Смена декораций. За два года до этого, 3 декабря 1910 года, газета «Гейдельбергер тагеблатт» публикует письмо читателя — местного приват–доцента философии Арнольда Руге. В нем этот бывший ассистент Вильгельма Виндельбанда высказывает свое возмущение женским движением. По его мнению, оно «постепенно превращается в скандал, который возмущает не только настоящих женщин, но и мужчин». Руге еще дважды говорит о настоящих женщинах и тех, «кто не может быть женщиной и не хочет быть матерью», чтобы, в конце концов, выразить свою мысль еще более конкретно: женское движение состоит «из старых дев, бесплодных жен, вдов и евреек». Матерей, повторяет он еще раз, среди них нет[531]. Поводом для Руге послужило состоявшееся четырьмя днями ранее собрание союза «Образование женщин и право женщин учиться в университете», которым руководила Марианна Вебер. На собрании обсуждалось предложение представительницы социал–демократической партии, феминистки Лили Браун о создании общих кухонь в многоквартирных домах для того, чтобы облегчить бремя домашних забот среди женщин из рабочих и буржуазных семей[532].
Поначалу бездетная Марианна Вебер лишь смеется вместе со своим мужем над злобными инсинуациями доктора Руге, которого оба они знают как неутомимого кверулянта, однако затем обстоятельства, в частности, тот факт, что Виндельбанд поддержал Руге, а часть гейдельбергских знаменитостей мужского пола высказала свое полное согласие с его тезисами, вынуждают ее потребовать от него объяснений, кого конкретно он имел в виду. Руге, опять же в письме читателя, пишет, что он имеет в виду женское движение в целом, не подразумевая никого конкретно, т. е. не имея в виду только гейдельбергских женщин, но среди прочих и их, разумеется, тоже[533]. В ответ на это Марианна и Макс Вебер — также в читательском письме в газету–пишут, что Руге избегает четких формулировок, что его как моралиста переполняет незрелое желание высказаться о вещах, которых он не знает; «поэтому если Вы еще сохраняете способность к адекватным суждениям», обращаются они к Руге, Вы должны признать, что в данном случае речь идет об оскорблении.
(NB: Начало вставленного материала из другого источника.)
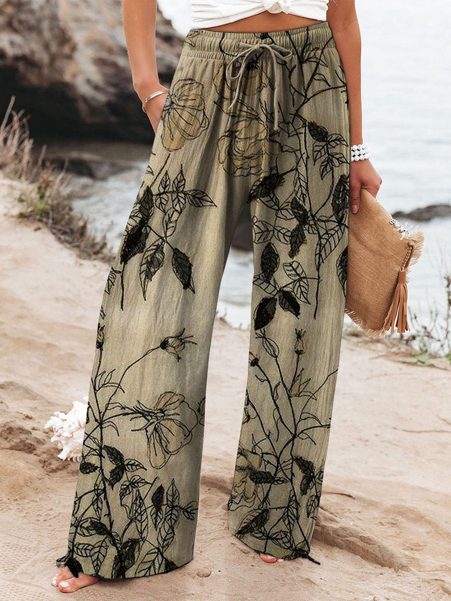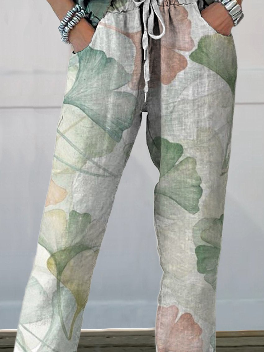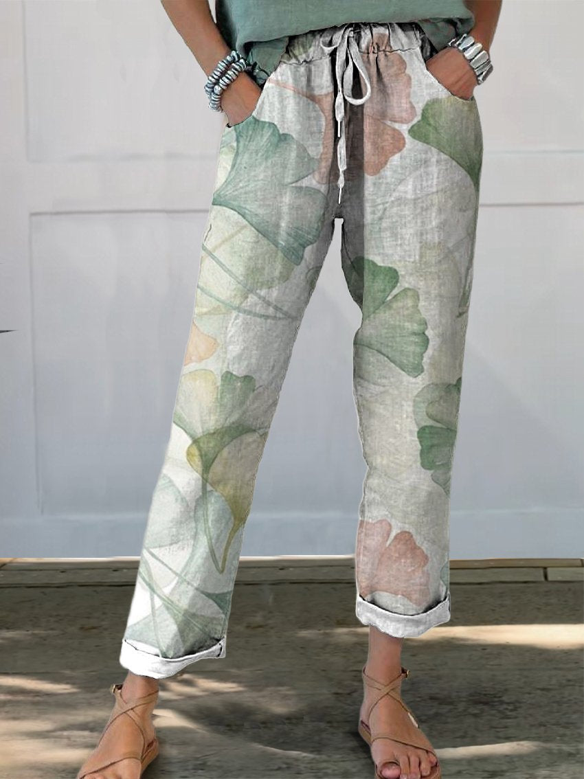 Women's Vintage Leaves Floral Printed Cotton And Linen Casual Pants

Руге в ответ на это обвиняет Вебера в том, что тот прячется за спину жены, чтобы избавить себя от необходимости вызвать противника на дуэль.
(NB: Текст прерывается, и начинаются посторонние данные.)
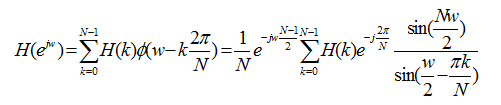H(k)实际上是所要求的滤波器的单位采样响应(h(n))的离散傅里叶变换(DFT),如下关系式: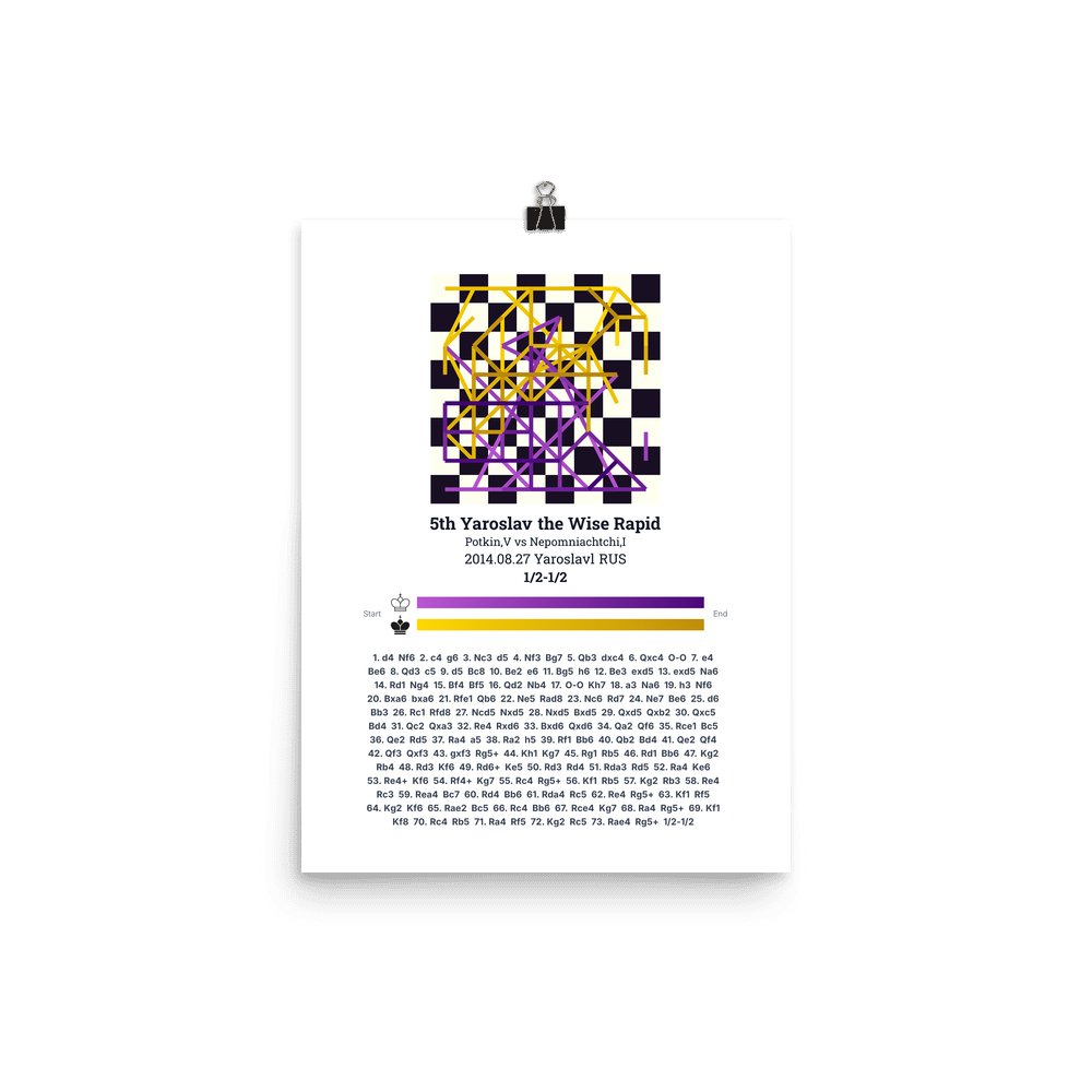 Museum-quality poster on thick, durable matte paper. A sharp, clean look for any chess visualisation.

События принимают стремительный оборот. Вебер, с одной стороны, заявляет, что его жена в состоянии сама высказать свою позицию, к тому же дуэль ничего не меняет и не доказывает. «Иначе люди бы только и делали, что палили друг в друга из пистолетов», — так он благоразумно–примирительно пишет журналисту, который, в свою очередь, уже как–то «предлагал» Руге «отхлестать его по щекам», когда тот стал говорить с его женой в оскорбительном тоне[534]. Но, с другой стороны, Вебер хочет, чтобы противник признал его правоту. Руге, со своей стороны, настаивает на конфликте с Вебером, подает на него в суд за оскорбление, потом сам же забирает заявление. По прошествии некоторого времени Руге заявляет, что его читательское письмо было слишком острым по форме, но не по содержанию, и сообщает о своем намерении прекратить конфликт, щадя болезненную раздражительность Вебера. Кроме того, он заявляет, что придает большое значение обнародованию имен тех женщин, которых он имел в виду. «Теперь, — пишет после этого Вебер, — речь идет отнюдь не об опрометчивом поступке, а о действии, наказанием за которое может быть только физическая смерть или — в случае „детей“ и „юродивых“ — что–то сопоставимое с нею»[535].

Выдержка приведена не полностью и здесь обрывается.